This promising novel algorithm was developed to overcome the limitations imposed by motif finding algorithms. This algorithm identifies the most conserved motifs among the input sequences as measured by a parsimony score on the underlying phylogenetic tree (Blanchette and Tompa, 2002). It uses dynamic programming to find most parsimonious k-mer from each of the input sequences where k is the motif length. In general, the algorithm selects motifs that are characterized by a minimal number of mismatches and are conserved over long evolutionary distances. Furthermore, the motifs should not have undergone independent losses in multiple branches. In other words, the motif should be present in the sequences of subsequent taxa along a branch. The algorithm, based on dynamic programming, proceeds from the leaves of the phylogenetic tree to its root and seeks for motifs of a user-defined length with a minimum number of mismatches. Moreover, the algorithm allows a higher number of mismatches for those sequences that span a greater evolutionary distance. Motifs that are lost along a branch of the tree are assigned an additional cost because it is assumed that multiple independent losses are unlikely in evolution. To compensate for spurious hits, statistical significance is calculated based on a random set of sequences in which no motifs occur.

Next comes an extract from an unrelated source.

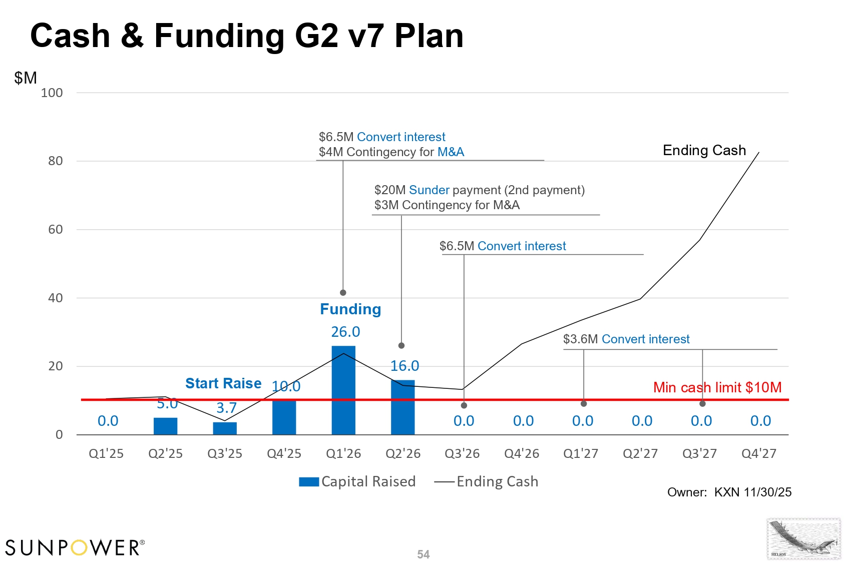 Cash & Funding G2 v7 Plan Q1'27 Q2'27 Q3'27 Q4'27 Owner: KXN 11/30/25 $M 100 0.0 5.0 3.7 10.0 16.0 0.0 0.0 0.0 0.0 0 20 40 60 80 Q1'25 Q2'25 Q3'25 Q4'25 Q1'26 Q2'26 Q3'26 Q4'26 Capital Raised Ending Cash Min cash limit $10M 0.0 0.0 Ending Cash Funding 26.0 Start Raise $6.5M Convert interest $4M Contingency for M&A $20M Sunder payment (2nd payment) $3M Contingency for M&A $6.5M Convert interest $3.6M Convert interest 54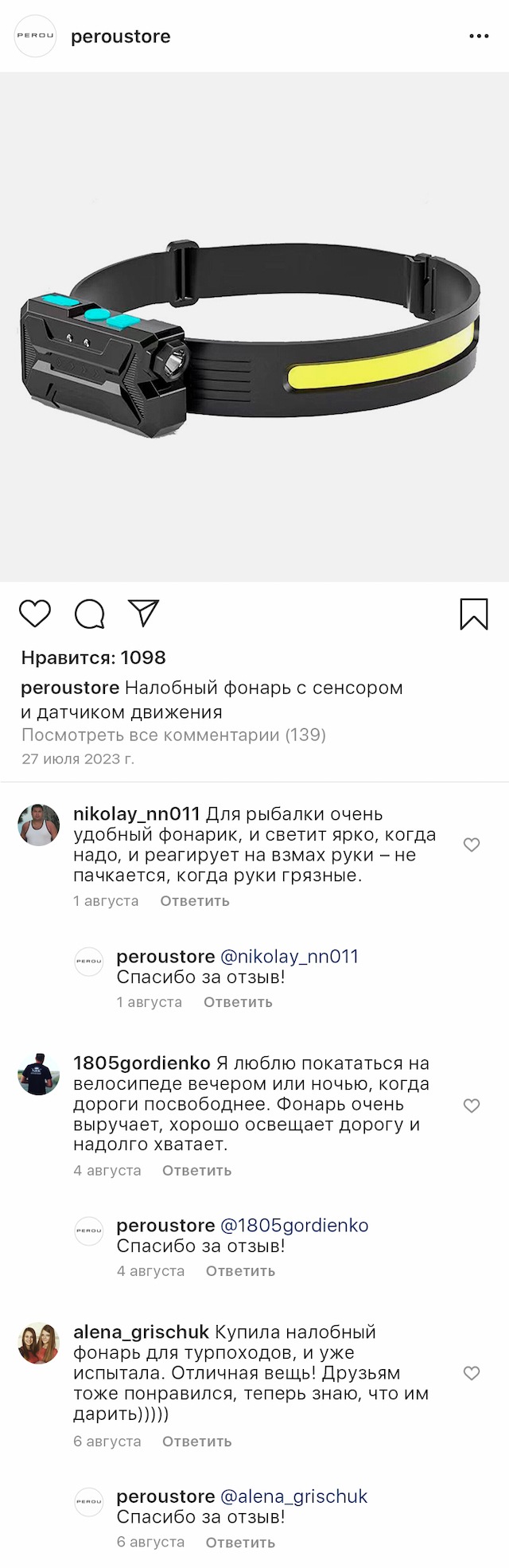 Фонарь имеет кнопку включения и датчик сенсорного управления, что очень удобно, когда руки испачканы или заняты. Регулируемый ремешок позволяет использовать его на любой объем головы. Фонарь заряжается через USB-порт от любого источника питания и работает непрерывно до 8 часов.

CONREAL (Conserved Regulatory Elements Anchored Alignment Algorithm) is another motif finding algorithm based on phylogenetic footprinting (Berezikov et al., 2005). This algorithm uses potential motifs as represented by positional weight matrices (81 vertebrate matrices form JASPAR database and 546 matrices from TRANSFAC database) to establish anchors between orthologous sequences and to guide promoter sequence alignment. Comparison of the performance of CONREAL with the global alignment programs LAGAN and AVID using a reference data set, shows that CONREAL performs equally well for closely related species like rodents and human, and has a clear added value for aligning promoter elements of more divergent species like human and fish, as it identifies conserved transcription-factor binding sites that are not found by other methods.

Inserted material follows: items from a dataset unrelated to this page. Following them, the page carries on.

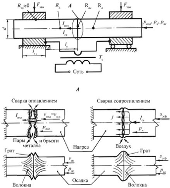 68) Схема контактной стыковой сварки сопротивлением. Вид сварного соединения, техн.возможности.
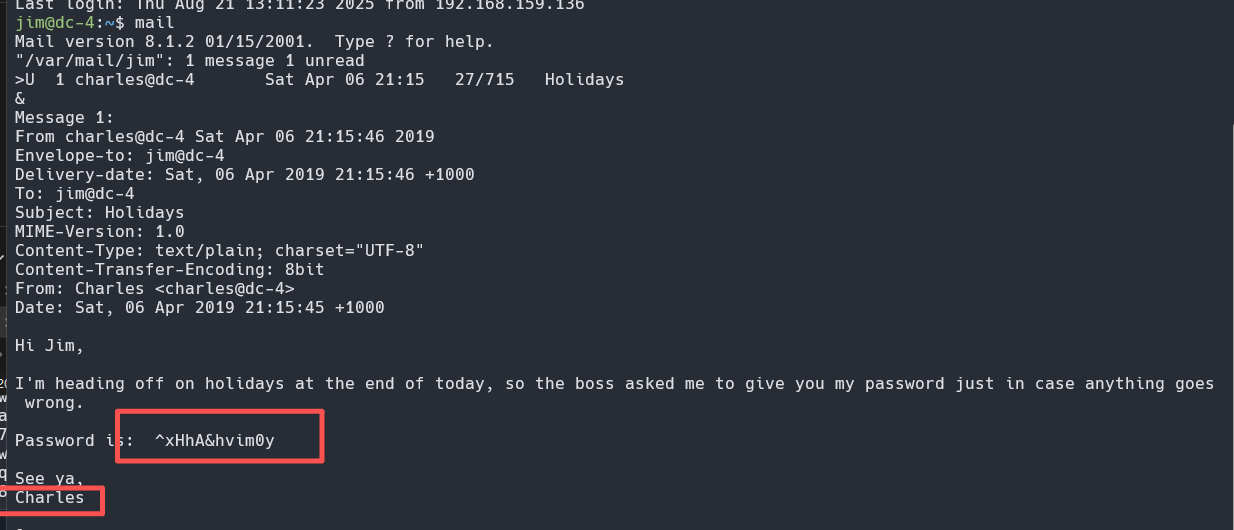 成功登录,登录后提示说有一个邮件,那就看看邮件内容吧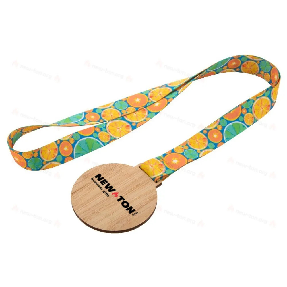 Изготовленная на заказ бамбуковая медаль на шнурке RPET с сублимационной печатью. В стоимость входит сублимационная печать. MOQ: 100 шт.

The PHYLONET computational approach identifies conserved regulatory motifs directly from whole genome sequences of related species without reliance on additional information was developed by (Wang and Stormo, 2005). The major steps involved are: i) construction of phylogenetic profiles for each promoter, ii) searching through the entire profile space of all the promoters in the genome to identify conserved motifs and the promoters that contain them using algorithm like BLAST, iii) determination of statistical significance of motifs (Karlin and Altschul, 1990). By comparing promoters using phylogenetic profiles (multiple sequence alignments of orthologous promoters) rather than individual sequences, together with the application of modified Karlin– Altschul statistics, they readily distinguished biologically relevant motifs from background noise. When applied to 3524 Saccharomyces cerevisiae promoters with Saccharomyces mikatae, Saccharomyces kudriavzevii, and Saccharomyces bayanus sequences as references PHYLONET identified 296 statistically significant motifs with a sensitivity of >90% for known transcription factor binding sites. The specificity of the predictions appears very high because most predicted gene clusters have additional supporting evidence, such as enrichment for a specific function, in vivo binding by a known TF, or similar expression patterns.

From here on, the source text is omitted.